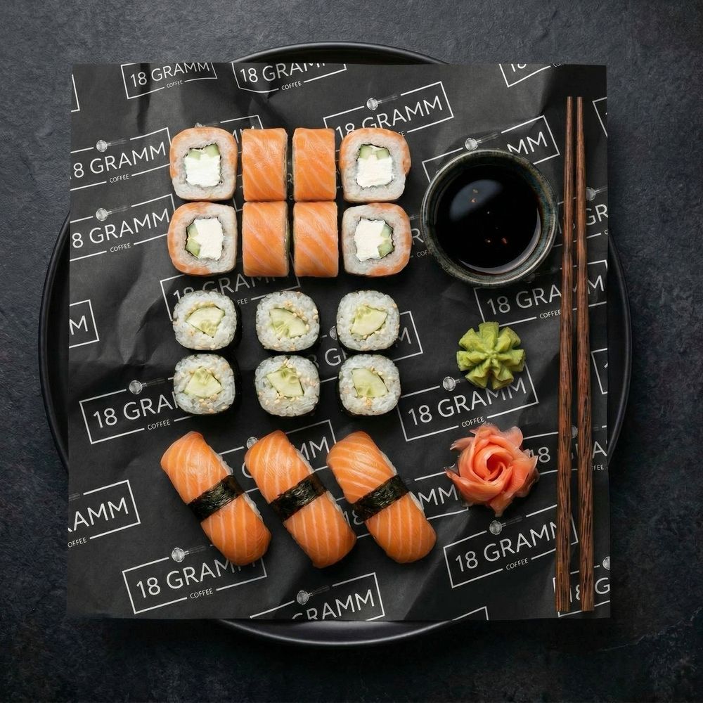 Ролл «Филадельфия», ролл «Капа маки», суши «Лосось», соевый соус, имбирь, васаби
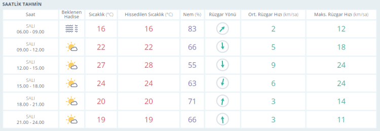 Akşam saatlerine doğru ise termometreler 24 derece olarak ölçülürken az bulutlu gökyüzüyle birlikte gün batımı yaşanıyor. Akşam saatlerinde de az bulutlu gökyüzüyle birlikte termometreler 20 derece seviyelerinde ölçülüyor. Gece saatlerinde de az bulutlu gökyüzüyle birlikte termometreler 19 derece seviyelerine kadar geriliyor.
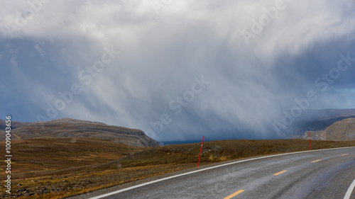 Fototapeta premium Ein Regenschauer an der Straße auf dem Weg zum Nordkapp
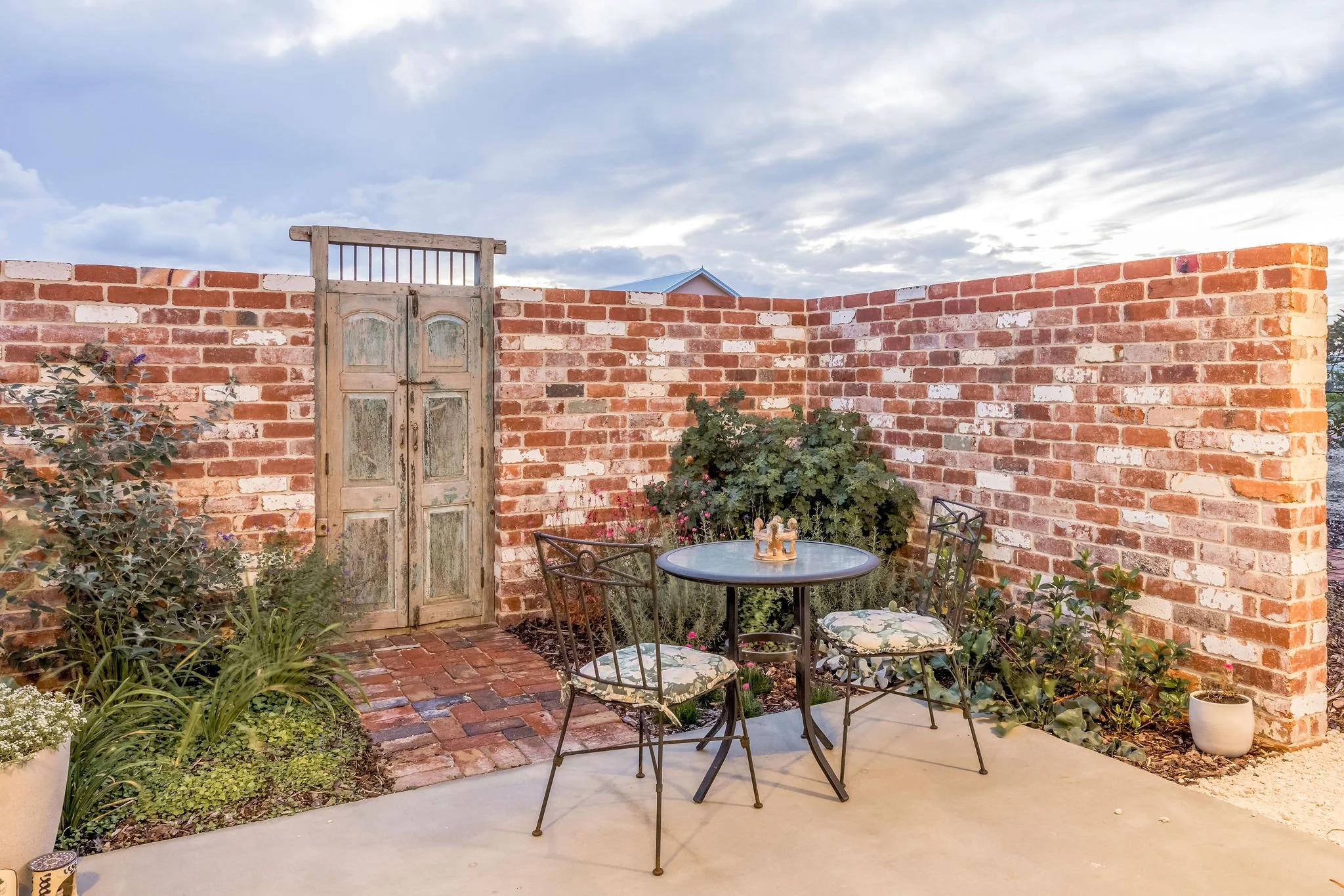 The home includes an authors retreat that overlooks a private courtyard with recycled bricks and reclaimed door that provides inspiration for Annie, a writer.
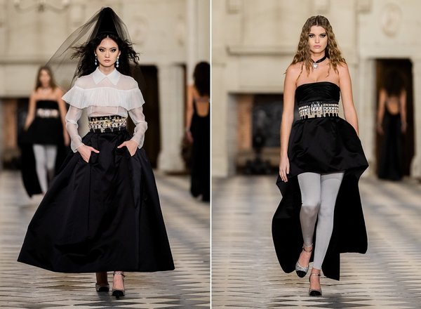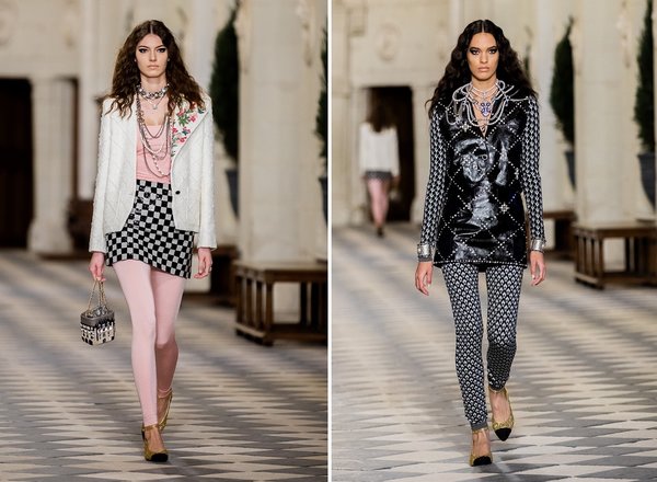 والآن لنتكلّم عن الأزياء تحديداً حيث نشير إلى عودة واضحة للقماش المقطع بالمربعات Checkered وتحديداً بلونيّ الأبيض والأسود أو الأسود مع الرمادي والذي رأيناه مسيطراً. كذلك، لنسلّط الضوء على موضة الليغينغ تحت الفساتين القصيرة التي يبدو أنها عائدة وأيضاً على هيمنة جديدة للتنانير والفساتين الماكسي.

_ _ _ _ _

PROBLEM TO WORK ON: Pictures aside, the material must be written out word for word.

OUTPUT:
 Ролл «Филадельфия», ролл «Капа маки», суши «Лосось», соевый соус, имбирь, васаби
 Akşam saatlerine doğru ise termometreler 24 derece olarak ölçülürken az bulutlu gökyüzüyle birlikte gün batımı yaşanıyor. Akşam saatlerinde de az bulutlu gökyüzüyle birlikte termometreler 20 derece seviyelerinde ölçülüyor. Gece saatlerinde de az bulutlu gökyüzüyle birlikte termometreler 19 derece seviyelerine kadar geriliyor.
 Fototapeta premium Ein Regenschauer an der Straße auf dem Weg zum Nordkapp
 The home includes an authors retreat that overlooks a private courtyard with recycled bricks and reclaimed door that provides inspiration for Annie, a writer.
 والآن لنتكلّم عن الأزياء تحديداً حيث نشير إلى عودة واضحة للقماش المقطع بالمربعات Checkered وتحديداً بلونيّ الأبيض والأسود أو الأسود مع الرمادي والذي رأيناه مسيطراً. كذلك، لنسلّط الضوء على موضة الليغينغ تحت الفساتين القصيرة التي يبدو أنها عائدة وأيضاً على هيمنة جديدة للتنانير والفساتين الماكسي.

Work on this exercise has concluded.